21 Comments

> Take the following example of theft. Suppose that there are 1,000 aliens, each of which has a stone. They can all steal the stone of their neighbor to decrease their suffering very slightly any number of times. The stone produces very minimal benefits—the primary benefit comes from stealing the stone.

Well, presumably all the aliens are fine with "theft" since it prevents them from being in unimaginable agony. If there's one crazy alien, then the remaining 999 can steal among themselves 10^100 times.

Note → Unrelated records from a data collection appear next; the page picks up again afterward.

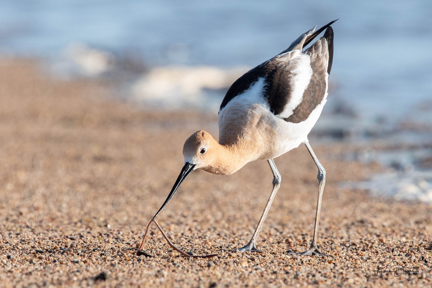 Why avocets? Perhaps their long, curved bill - especially watching them preen themselves with that sword that looks like trying to brush your hair with scissors. The way their blue legs offset their brown, black and white feathers. The way they bounce up and down as they stand near the water, like the whack-a-mole game we played in an arcade as a child. When they are in a flock you see one head bob up, then another.
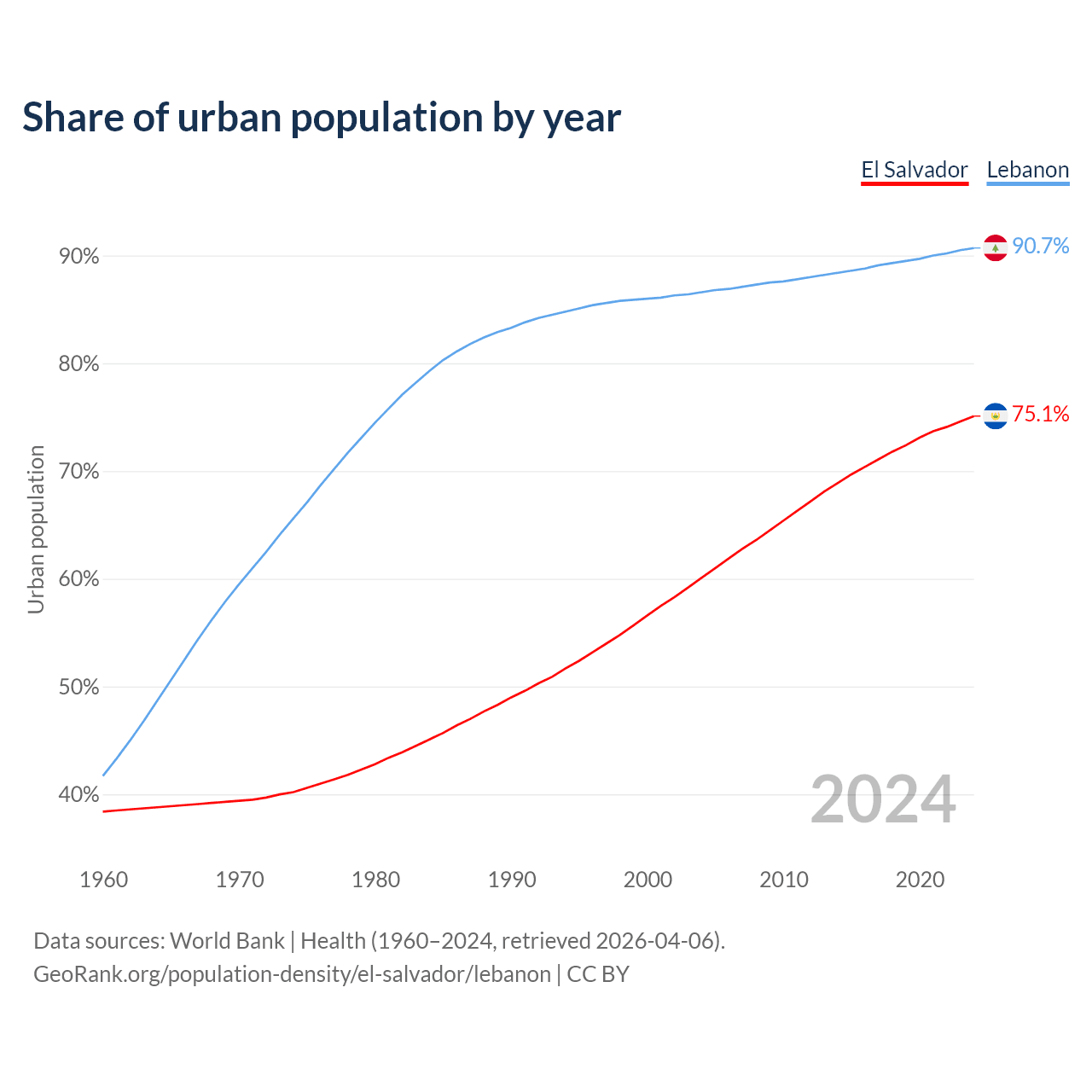 From 2004 to 2024, the share of urban population changed from 60.1% to 75.1% in El Salvador and from 86.6% to 90.7% in Lebanon.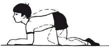 6. И.п. – то же, ноги на ширине стопы. Передвигая колени по полу, приблизить их к локтям, округляя при этом спину; затем вернуться в и.п. Темп средний.

If the Aliens are not fine with theft, then they apparently want to be infinitely tortured. Maybe for them, torture being good is as obvious as the goodness of pleasure is to you. Leave them be.

Expand full comment

My only objection is to

> Therefore, deontology is false

I don’t think you can call Deontology true or false. There are particular Deontological systems of morality which produce perverse results (e.g. saying never steal under any circumstances, even if your children are starving). But you can absolutely construct a deontological system which allows you to steal!

IMO this is kind of the point of Deontology (as opposed to Utilitarianism). Deontology says you can’t build your morality around maximizing a single variable. Instead, you build a pluralistic system of rules, intuition, etc, to help you navigate moral situations.

Expand full comment

There appears to be a typical consequentialist misunderstanding of deontology underlying this argument. Consequentialists recognise that deontology places “awkward obstacles” in then way of their schemes to maximalise utility and consider this akin to inefficiency. Why would you make an “arbitrary” rule? They say, “It may stop us from achieving some greater good.”

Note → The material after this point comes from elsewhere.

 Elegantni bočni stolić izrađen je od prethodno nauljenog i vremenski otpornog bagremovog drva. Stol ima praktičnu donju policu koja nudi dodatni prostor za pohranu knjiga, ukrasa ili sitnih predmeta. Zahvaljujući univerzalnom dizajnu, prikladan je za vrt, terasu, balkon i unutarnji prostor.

But modern deontology is not about arbitrary rules, it is about a community of rational beings (we could easily replace “rational” with “conscious” or even “suffering” and amend Kant’s views in line with contemporary scientific understandings of animal sentience). What this means is that in a kingdom of ends, while there are indeed barriers to actions that may be considered net goods, (e.g. maximising utility), they only occur in special cases, namely in areas where there are beings worthy of moral consideration. And where there is a being worthy of moral consideration, there exists the possibility of discourse (or forms of communication analogous to discourse, such as expressions of pleasure and pain).

Hence, the paradox is solved: the barrier to action is in fact a call to discussion, and rational beings, moral agents, can in a community, agree to accept their marginal suffering in the name of the greater good. Thus, the maximal utility may be achieved, no less so than under a consequentialist regime, but with the added bonus (!) of the safeguards that the concept of duty provides, via the little red flags that go up whenever someone talks about the “objective need” for some suffering in order to achieve some outcome that is better overall.

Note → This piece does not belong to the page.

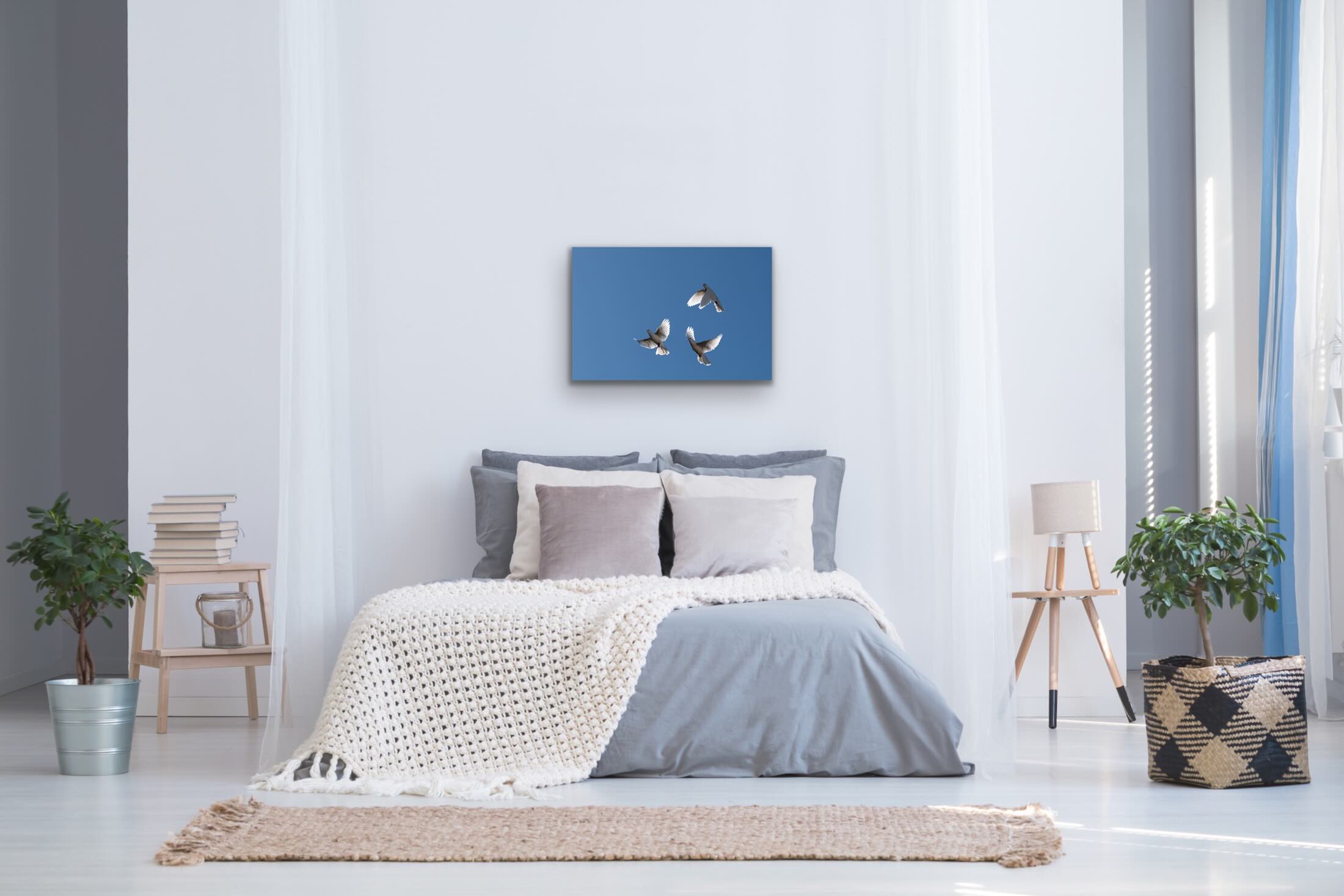 Trois colombes s’élèvent dans un ciel bleu limpide au-dessus du château Chavagnac. Dernières arrivées au pigeonnier, elles offrent un ballet lumineux, capturé au moment exact où la lumière caresse leurs ailes transparentes. Cette photographie fait partie de la série Kiguu, dédiée aux coïncidences visuelles et aux instants magiques. Une image poétique et aérienne, idéale pour sublimer un intérieur avec élégance.

Deontology does not fail in such a situation, it emerges strengthened, refreshed and ready for further challenges.

(I admit that I have no detailed argument on how to precisely include beings that are worthy of moral consideration but unable to participate directly in rational human discourse in the community of ends, but I am sure that this minor crease can be ironed out with a few tweaks – after all, we are perfectly able to imagine far more rational beings than ourselves, whose arguments we could not follow, and yet do not consider that to invalidate our worthiness as beings of moral consideration – and if we did, well, we would then be able to abandon our dumb suffering friends happily to their fates).